Dozens of institutional abuse victims to sue over data breach
MORE than 70 people are to take a class action after the identities of over 250 institutional abuse victims were revealed in a major data breach last year.
In a writ to be lodged in the High Court, victims are suing the former interim victims' advocate Brendan McAllister and the Executive Office for damages.
It is understood to be one of the largest class actions in Northern Ireland's legal history.
The survivors' identities were accidentally circulated in an email sent by Mr McAllister's office in May 2020.
Some of those identified included victims and survivors who are suffering from serious psychiatric issues and others whose families do not know they were abused.
The writ, issued by solicitor Claire McKeegan of Phoenix Law, stated that abuse victims have "suffered and continue to suffer distress, anxiety and reputational damage".
Ms McKeegan said "survivors and victims of institutional abuse require their privacy and data protection more than most".

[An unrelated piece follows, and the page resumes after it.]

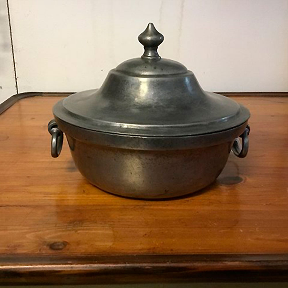 og øverst på det hvælvet låg en knop. Tinterrinen er i god stand.
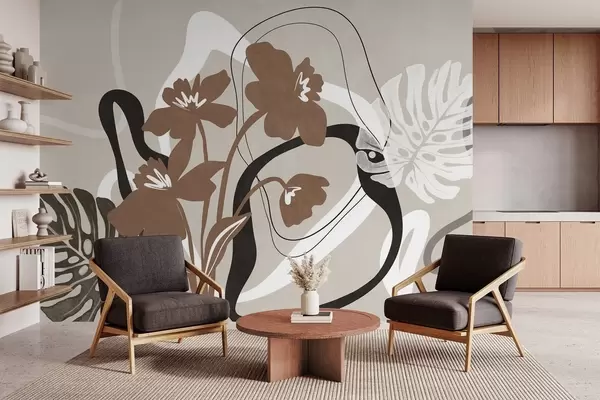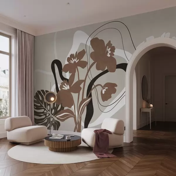 Fotobehang Abstracte bruine bloemen met textuur en witte en zwarte vormen tegen een beige achtergrond, minimalistische kunst N° w09645v1

"They put their faith in the interim advocate's office and shared highly sensitive testimony of the harrowing abuse that was perpetrated on them in childhood," she said.
"Many survivors and victims were re-traumatised by this and had to seek medical attention."
Margaret McGuckin from Survivors and Victims of Institutional Abuse (Savia) said the breach had "caused huge upset and anguish".
"Our people have been let down by authority figures for decades," she said.
"It's been one thing after another. The breach was the final straw. People are still talking about how their details was exposed. The taboo and shame came back and opened up wounds again."
A June 2020 report by the Northern Ireland Civil Service into the data breach found that the victims' emails had been shared due to a "procedural error".
The probe found the office's official guidance for staff was inadequate "particularly in light of the personal and sensitive information" it holds.
A full-time commissioner for victims of historical institutional abuse, Fiona Ryan, was appointed last year.